• **DATA TO PROCESS**:
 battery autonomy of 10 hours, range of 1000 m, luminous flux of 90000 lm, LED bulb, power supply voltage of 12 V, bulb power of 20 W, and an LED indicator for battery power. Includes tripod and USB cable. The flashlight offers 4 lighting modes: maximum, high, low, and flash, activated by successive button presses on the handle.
* * *
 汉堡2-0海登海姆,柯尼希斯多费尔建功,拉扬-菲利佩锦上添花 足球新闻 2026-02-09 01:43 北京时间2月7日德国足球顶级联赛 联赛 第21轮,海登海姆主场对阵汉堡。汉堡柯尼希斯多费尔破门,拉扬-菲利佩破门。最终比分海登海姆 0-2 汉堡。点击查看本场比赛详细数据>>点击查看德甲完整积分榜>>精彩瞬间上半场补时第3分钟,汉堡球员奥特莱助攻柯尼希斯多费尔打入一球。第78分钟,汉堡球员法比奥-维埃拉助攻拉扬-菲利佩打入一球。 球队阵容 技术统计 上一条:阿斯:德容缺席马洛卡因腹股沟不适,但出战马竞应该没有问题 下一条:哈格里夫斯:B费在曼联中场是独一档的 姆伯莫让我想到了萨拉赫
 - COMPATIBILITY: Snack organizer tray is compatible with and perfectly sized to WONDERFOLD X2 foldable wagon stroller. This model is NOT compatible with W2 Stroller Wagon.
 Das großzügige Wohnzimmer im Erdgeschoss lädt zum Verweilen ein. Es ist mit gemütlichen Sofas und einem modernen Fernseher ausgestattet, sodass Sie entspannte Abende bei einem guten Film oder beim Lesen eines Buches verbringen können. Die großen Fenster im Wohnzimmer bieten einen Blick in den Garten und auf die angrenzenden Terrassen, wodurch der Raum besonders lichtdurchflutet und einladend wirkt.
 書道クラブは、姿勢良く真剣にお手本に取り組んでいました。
---
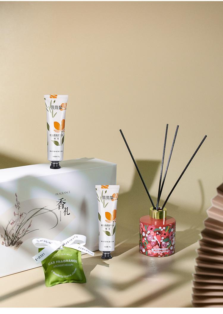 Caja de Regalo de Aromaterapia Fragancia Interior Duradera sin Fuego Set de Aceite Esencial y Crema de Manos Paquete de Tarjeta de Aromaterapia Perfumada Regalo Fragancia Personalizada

• **PROBLEM TO WORK ON**: Produce a word-for-word copy of everything above from the line holding "- COMPATIBILITY: Snack" down to the line holding "書道クラブは、姿勢良く真剣にお手本に取り組んでいました。", with both of those lines kept.

• **EXERCISE SOLUTION**:
 - COMPATIBILITY: Snack organizer tray is compatible with and perfectly sized to WONDERFOLD X2 foldable wagon stroller. This model is NOT compatible with W2 Stroller Wagon.
 Das großzügige Wohnzimmer im Erdgeschoss lädt zum Verweilen ein. Es ist mit gemütlichen Sofas und einem modernen Fernseher ausgestattet, sodass Sie entspannte Abende bei einem guten Film oder beim Lesen eines Buches verbringen können. Die großen Fenster im Wohnzimmer bieten einen Blick in den Garten und auf die angrenzenden Terrassen, wodurch der Raum besonders lichtdurchflutet und einladend wirkt.
 書道クラブは、姿勢良く真剣にお手本に取り組んでいました。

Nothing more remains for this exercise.